# Roland Vinyl Cutter GX-24 - Canadian Distributor?



## revelationdesign (Nov 26, 2007)

Hello everyone,

I am very interested in purchasing a Roland Vinyl Cutter GX-24 and would like to buy it in Canada to avoid duties. Can anyone recommend a distributor?

Thanks


----------



## dim116 (Nov 27, 2006)

Hi,
I know that Transfer Papers and Sublimation Inks at Joto has them.
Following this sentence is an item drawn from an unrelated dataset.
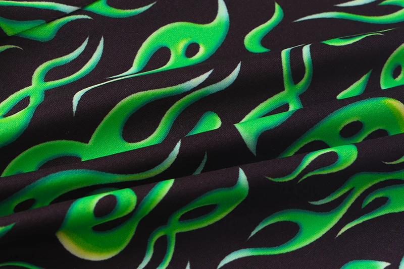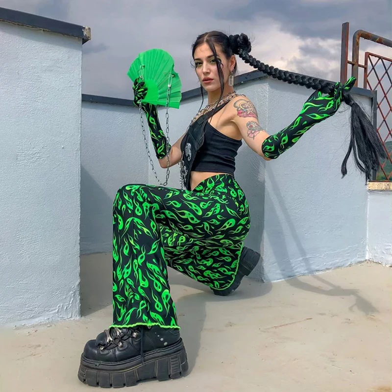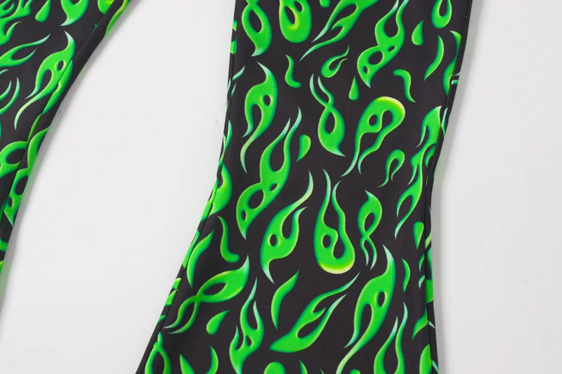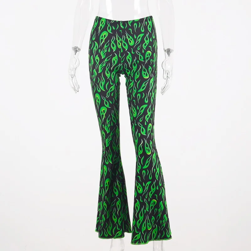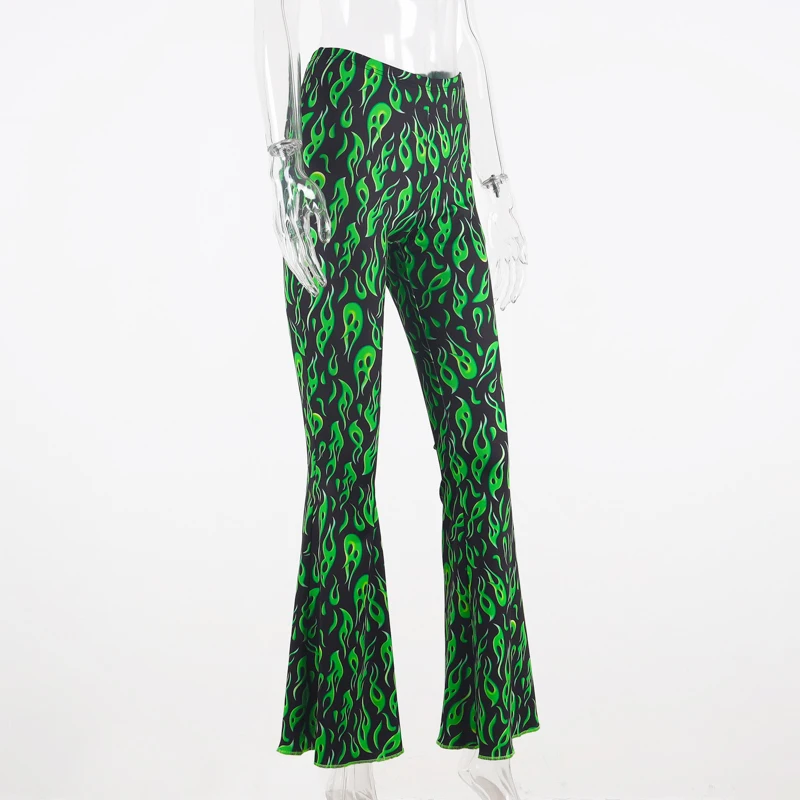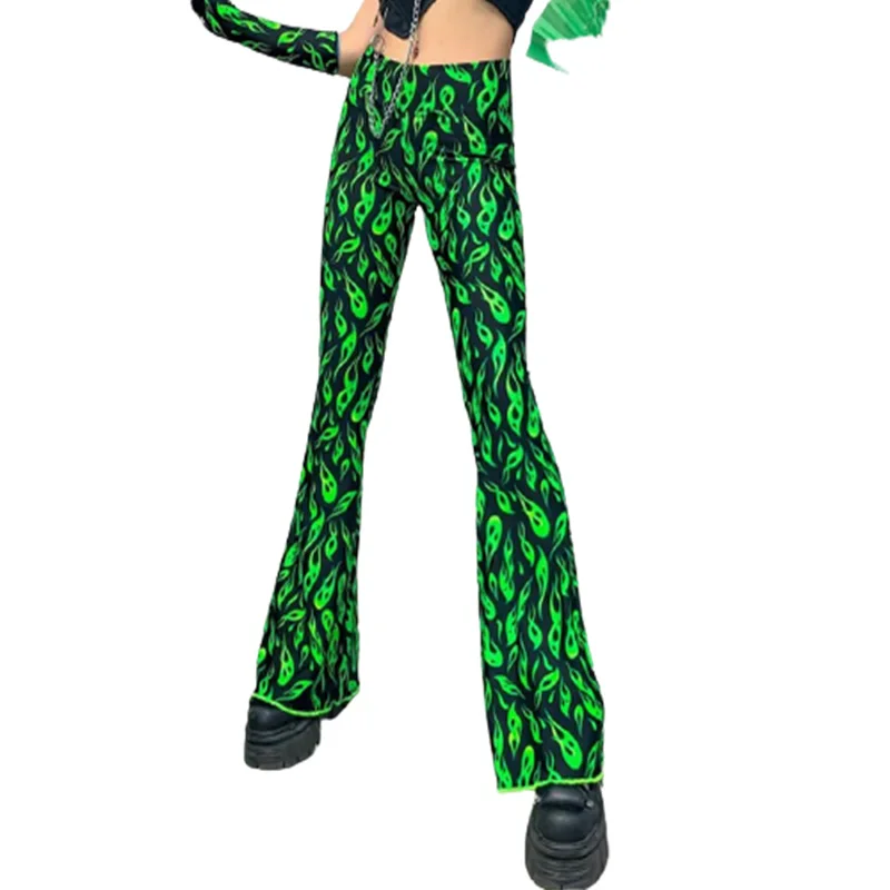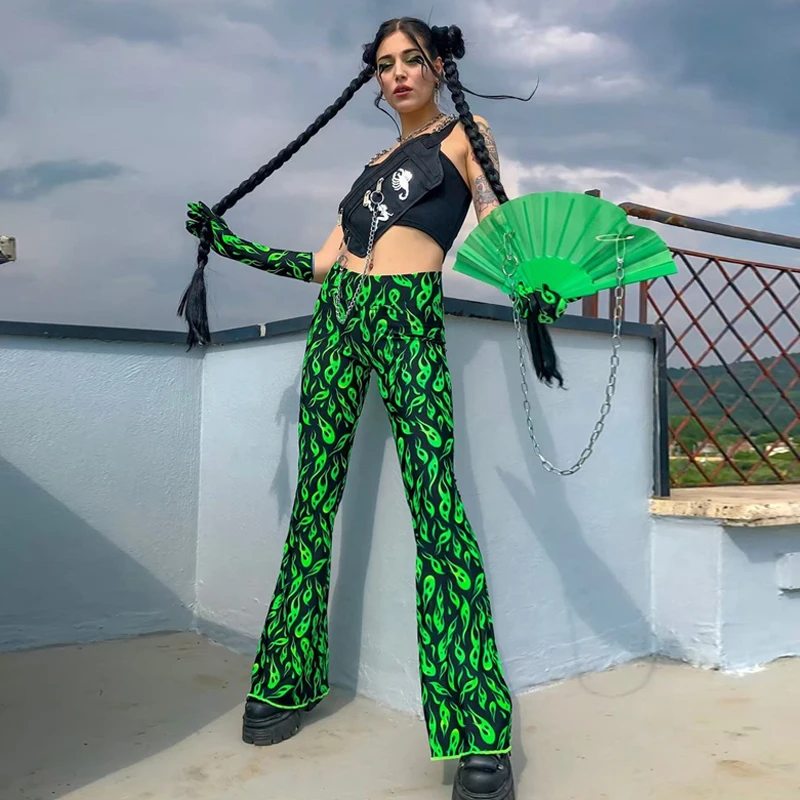 Брюки клеш с высокой талией, пикантная уличная одежда зеленого цвета с принтом огня, брюки-клеш в стиле панк, на лето

Also I believe on Roland DGA Corporation - North and South America you can find a list of dealers for different countries.

Lar


----------



## charles95405 (Feb 1, 2007)

even if you buy in Canada, isn't customs duties figured in the final price?? in any case, here is the link to Roland dealer locator site for Canada..just enter your province to locate
Roland ASD - Dealer Locator


----------



## dim116 (Nov 27, 2006)

Hi Charles,

I'm sure customs duty charges are added into the price somewhere along the line as the dealer has to get the unit from the U.S. but we are not charged separately for it if ordered from a Canadian dealer.
Also, It pays to shop around to the different dealers. I bought a versacamm 300v last year for 12,500 from a Can. dealer. I mentioned to them that they go for about 10,500 + in the U.S. and since our dollar was on par with the U.S. at the time I asked why I had to pay more. He said the extra was because of the duty charges for them to bring them in from the States. But then just after I bought it the guy that came to install it for me (who is also a Roland dealer) told me he sells them for $10,500 canadian dollars.
I was a bit peeved at that.

Lar


----------



## revelationdesign (Nov 26, 2007)

Hi there,

Still looking for this and/or any other options.

Does anyone use the Roland Stika Cutter SV-15? Can it handle a decent size work load?

Preferably on the east coast but will take any more suggestions.

I also need a Canadian provider of VINYL once the printer is ordered. Any recommendations?

Thanks.


----------